The Reason Foundation

10/28/2025 | Press release | Distributed by Public on 10/28/2025 04:43

Ohio House Bill 392 would clarify the right to compute

A version of the following public comment was submitted to the Ohio House Technology and Innovation Committee on October 28, 2025.

The Technology Policy Project at Reason Foundation has provided pro bono consulting to public officials and stakeholders to help them design and implement technology policy reforms around the regulation of artificial intelligence (AI) and other emerging technologies, digital free speech, data security and privacy, child online safety, and tech industry competition policy. Our team brings practical, market-oriented strategies to help foster innovation, competition, and consumer choice through technology policies that work.

We submit this written testimony on House Bill 392 as an interested party.

HB 392 is similar to other state legislation in that it creates a "Right to Compute." This right to compute is a critical affirmative right for innovators, as it requires a state legislature to carefully weigh the compliance burdens of proposed, potentially heavy-handed legislation and affords innovators a right of redress when such burdens are imposed.

The bill is an excellent first start, but two areas for improvement currently limit its intended effect.
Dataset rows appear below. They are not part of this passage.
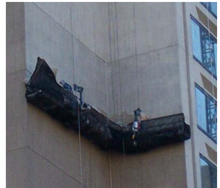
Top three photographs and bottom left are "before" and "during"; the bottom center and right were taken after the work was completed.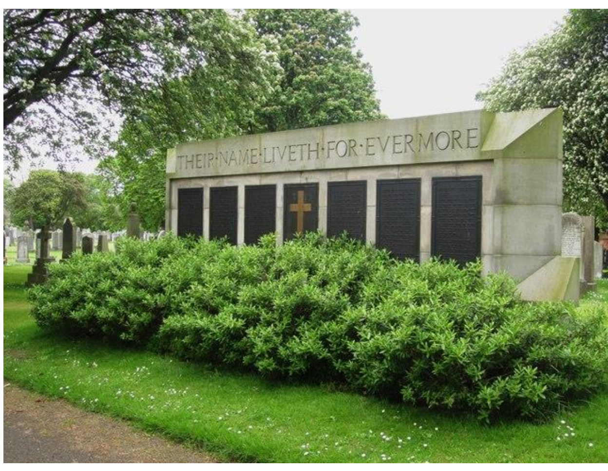
One of the Screen Walls in Seafield Cemetery bearing the names of those who died but were buried without an individual headstone

A. H. BIRCH, MMR. STEWARD 993213 H.M.S. MARCHIONESS OF BUTE"23-10-1919 AGE 29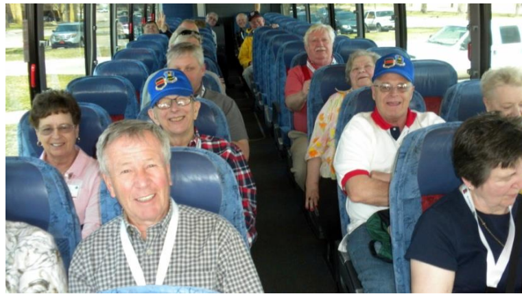
We are having fun now!! .....well, aren't we?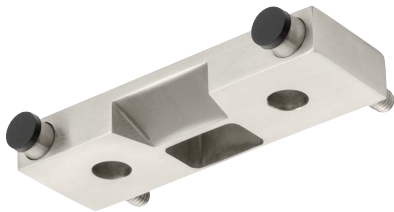
Single Manual (MSK-SGL) Storefront, Metal, Wood, and Glass Backset: 2 1 / 4 " or 4 1 / 8 "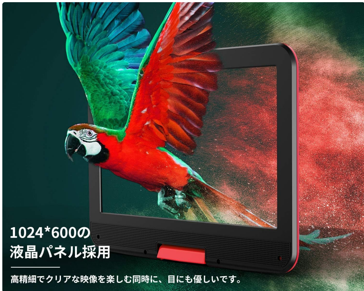
Image: The DBPOWER MK101 Portable DVD Player with its screen open, displaying a vibrant, colorful image.

The DBPOWER MK101 is a versatile portable DVD player designed for entertainment on the go. It features a 10.5-inch LCD screen with 270-degree rotation, region-free playback, and support for various media formats via DVD, SD card, and USB.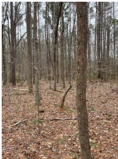
Facing NE.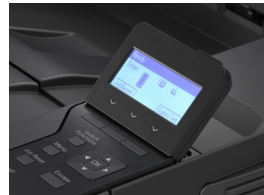
A tilting 4-line LCD panel graphically displays supply levels and system status.

The P 501M supports PCL 5e, PCL 6 and PostScript3 emulation with simple point-and-click drivers and dozens of fonts for creative printing in many styles onto media up to 8.5" x 14". Print up to 999 sets per job at 45-ppm and feed envelopes and labels from every source. The Bypass Tray extends media length up to 35.4" for banner and signage printing. Place watermarks on pages and add covers, slip sheets and chapters to create more professional-looking documents. Install the optional 320 GB hard disk drive to take advantage of a cluster of printing modes designed to enhance productivity and confidentiality, and securely store up to 9,000 pages of data for print-on-demand.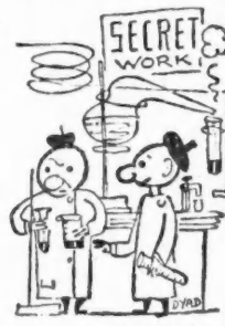
Drawing by Dyad, London

"D'you think we ought to tell 'em abaht mum being in the Co-op?"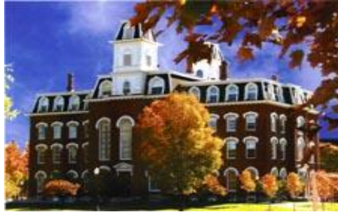
Vermont College of Fine Arts, College Hall Montpelier, Vermont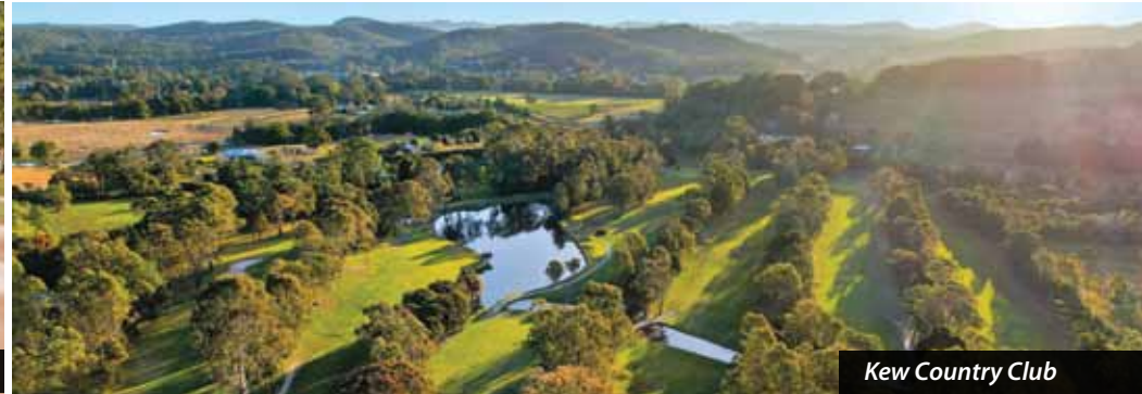
Kew Country Club

MORE INFORMATION: Ocean Shores Country Club Orana Road Ocean Shores NSW 2483 Phone: (02) 6680 1008 info@oceanshorescc.com.au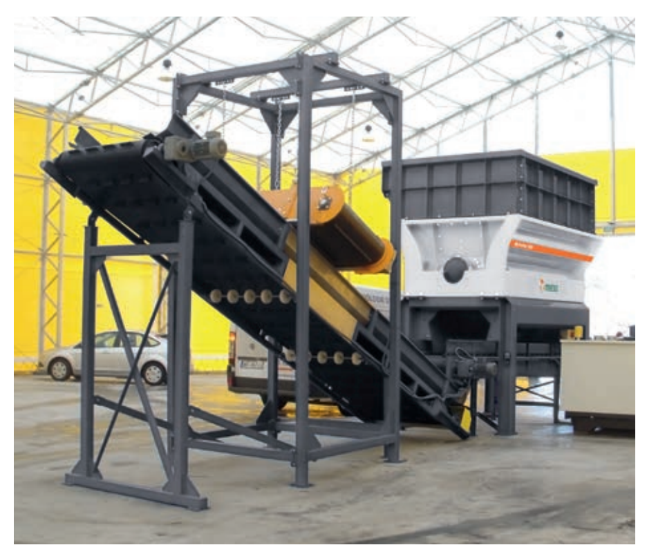
M&J PreShred 2000S

Metso shredder equipment is often used for processing waste. As waste flows can be heterogeneous with unpredictable and varying characteristics, there is heavy demand on stationary pre and fine shredding equipment. With their well-proven ruggedness, versatility and reliability, Metso systems are the equipment of choice for waste processing installations globally, and well qualified for input material such as, Bulky, Industrial (C&I), Household (MSW), Wood, Construction and Demolition (C&D)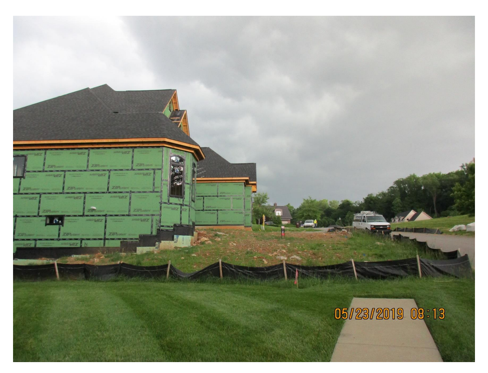
Looking east showing the front yard setback.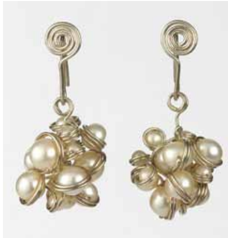
Rolled Flower Earrings - White Pearls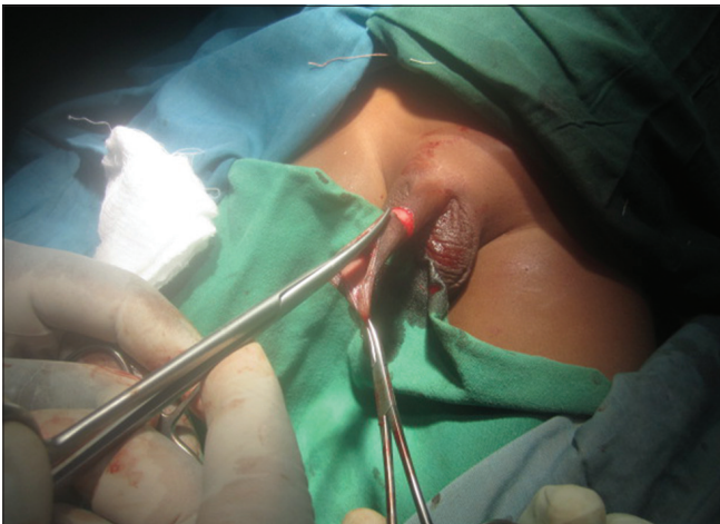
Figure 5: Dorsal slit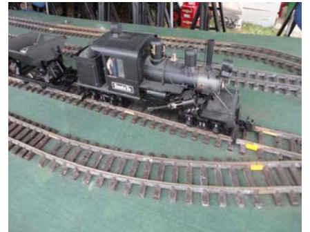
'G' scale Climax U.S. logging loco.

The large layout is the garden type (commonly called 'G' scale) but, surprisingly, does lend itself to being portable for exhibitions.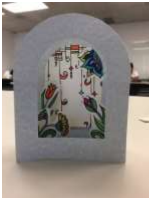
Above: Front view of tunnel card. There is space on the front arch to add your calligraphed message.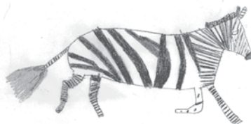
Figure 5b. Zebra, Marin V, 10 years, by observation

3. In what manner will children of various ages present the human figure (male and female) in complex movement of the whole body during ball juggling?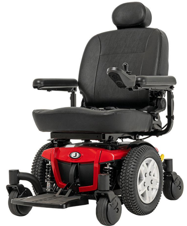
FDA Class II Medical Device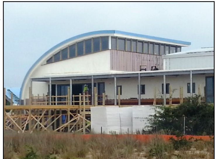
—Christy Everett, CBF

The Trust for Public Land purchased the property for $13 million. The city then acquired 108 acres from The Trust for $12 million using federal and state funds, loans and city and corporate funds. CBF purchased the remaining 10 acres of the property for $1 million.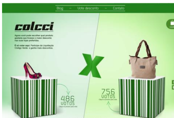
Figure 4: Battle of the Green Code promotional material

We organised a 'Battle of the Green Codes' to raise awareness among shopping centre visitors in the build up to the campaign. Discounts of up to 70% were offered on thousands of selected products in a variety of stores. Shops asked customers to vote for which of two products they wanted a greater discount on. The product with the greatest number votes received the biggest discount. Customers could also sign up to receive an e-mail with a list of the winning products once they were announced.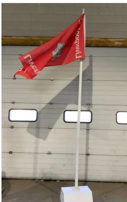
115. M - LIVERPOOL FLAG & FLAG POLE WITH BASE & JURGEN KLOPP FLAG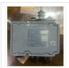
Audi Q7 ABS Pump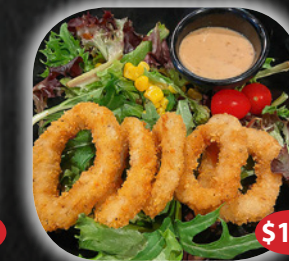
Calamari Salad $11.95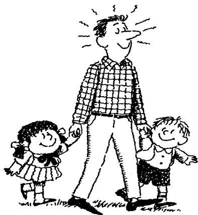
Happy Father's Day!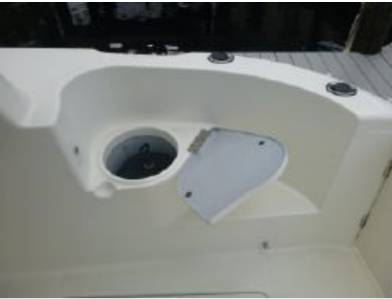
> Starboard Molded Fender Holder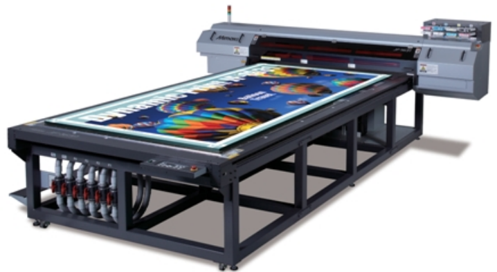
Flatbed UV Digital Printer

The main static problems are on flatbed machines printing with UV inks onto rigid plastic sheets. These have dust as well as printing problems.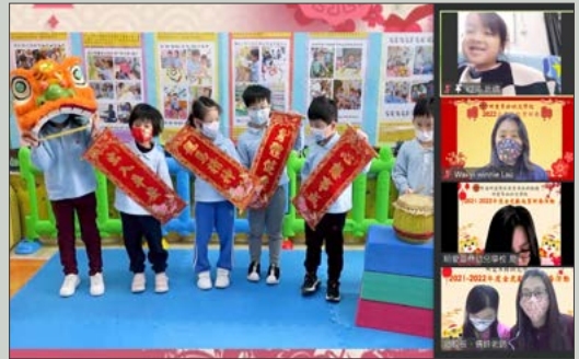
"Wishing you a Happy New Year of the Tiger!"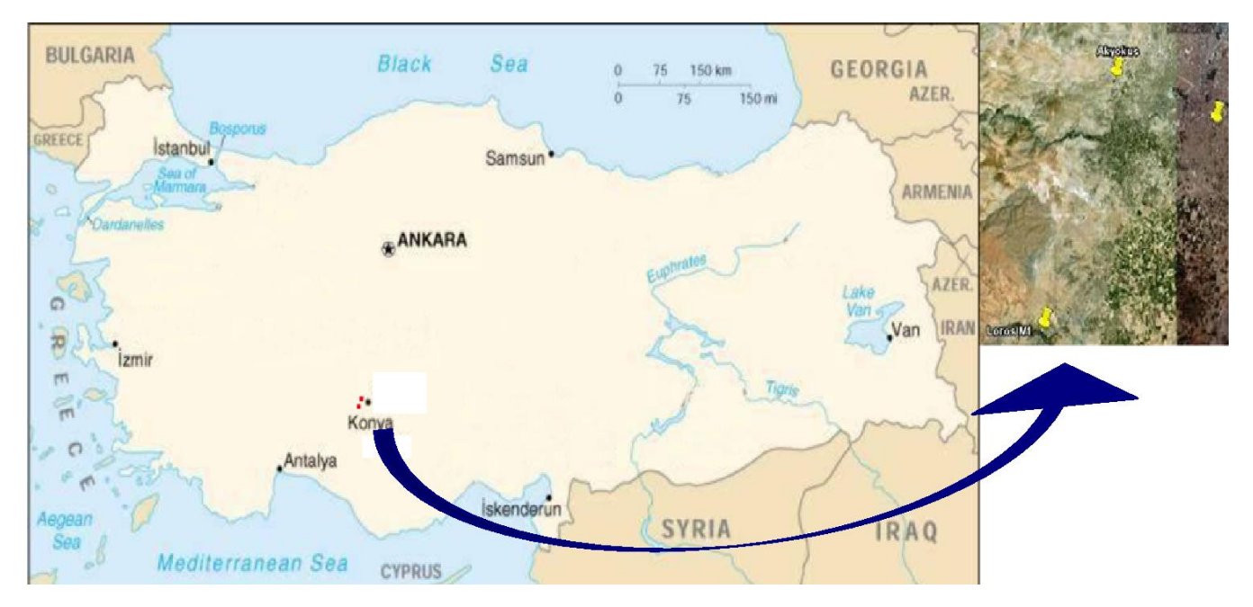
Figure 1. Location of the study areas in Turkey map and Google earth satellite image.

These problems revolve around the bill's definition of "compelling governmental interests." As written, the bill would still allow for a state agency or political subdivision to impose burdens on innovators in two key areas.

First, the bill makes AI-generated content the basis of a "compelling governmental interest" for further regulation or legislation, but does not specify the actor creating such content. Leaving this definition vague opens the door for laws that would punish an AI company rather than the person using an AI model with nefarious intent-an onerous legislative proposal that would be impossible to comply with. Such a law was proposed in California, and because of its unreasonable burdens on AI companies, Gov. Gavin Newsom vetoed the bill. These types of bills are not one-off bad ideas. Though well-intentioned, they fly in the face of the core intent of HB 392: to unburden innovators from impossible compliance demands so as to allow the U.S. to develop next-generation technologies that compete with the rest of the world.

Second, aside from the public process of approving new construction on a data center, carving out exceptions for laws and local ordinances that undermine data centers under the veil of "public nuisance" law would ignore the possibility that hostile localities would create ordinances after the fact to hike up energy rates and extract revenue from data centers once they're built. The U.S. needs more-not less-data center capacity, which is contemplated in Right to Compute legislation passed elsewhere.

Thank you for the opportunity to submit this written testimony, and we welcome the opportunity to advise the legislature on this subject in the future.